In S. cerevisiae, homologous recombination requires only limited flanking homology (Manivasakam et al., 1995). Efficient targeting increases with the length of the homology, and an overlap of approximately 50 bp (25 bp on each side) is sufficient to easily screen and recover integrants in specific genomic locations. Standard length primers can thus be used to amplify a desired gene cassette with flanking target regions, and the PCR product can be transformed into the yeast for insertion by double-crossover.

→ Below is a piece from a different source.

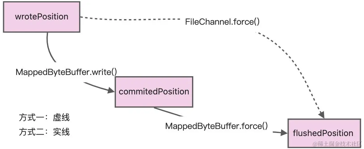 方式一 | 写入内存字节缓冲区(writeBuffer) | 从内存字节缓冲区(writebuffer)提交(commit)到文件通道(fileChannel) | 文件通道(fileChannel)flush |

The efficiency of recombination in yeast also allows the use of nested primers or the assembly of two or more fragments (Fig. 1d) (Erdeniz et al., 1997; Hawkins & Smolke, 2008; Flagfeldt et al., 2009; Shao et al., 2009).
The pXP vector series mentioned earlier (Fang et al., 2011; M.W.Y. Shen, F. Fang, S. Sandmeyer & N.A. Da Silva, unpublished data) was designed to allow the seamless transition from plasmid-based (2μ or CEN/ARS) expression to PCR-based chromosomal gene integration. All selection markers on the vectors are flanked by loxP sequences to allow marker recycling following integration. The promoter-gene-terminator and selection cassettes can be amplified using standard priming sequences with overhangs to target specific chromosomal sites. Although less efficient than traditional vector-based integration where homologies are typically much longer, transformants can be rapidly screened via colony PCR to select the correct integration location. This system can be used for multiple sequential (and possibly simultaneous) gene integrations and multiple simultaneous marker excisions, and is thus a useful tool for pathway engineering. These vectors have now been utilized for the insertion of metabolic pathway genes in several studies currently underway in our laboratory, including the modification of central carbon metabolism, polyketide production, and arsenic uptake and sequestration (unpublished results).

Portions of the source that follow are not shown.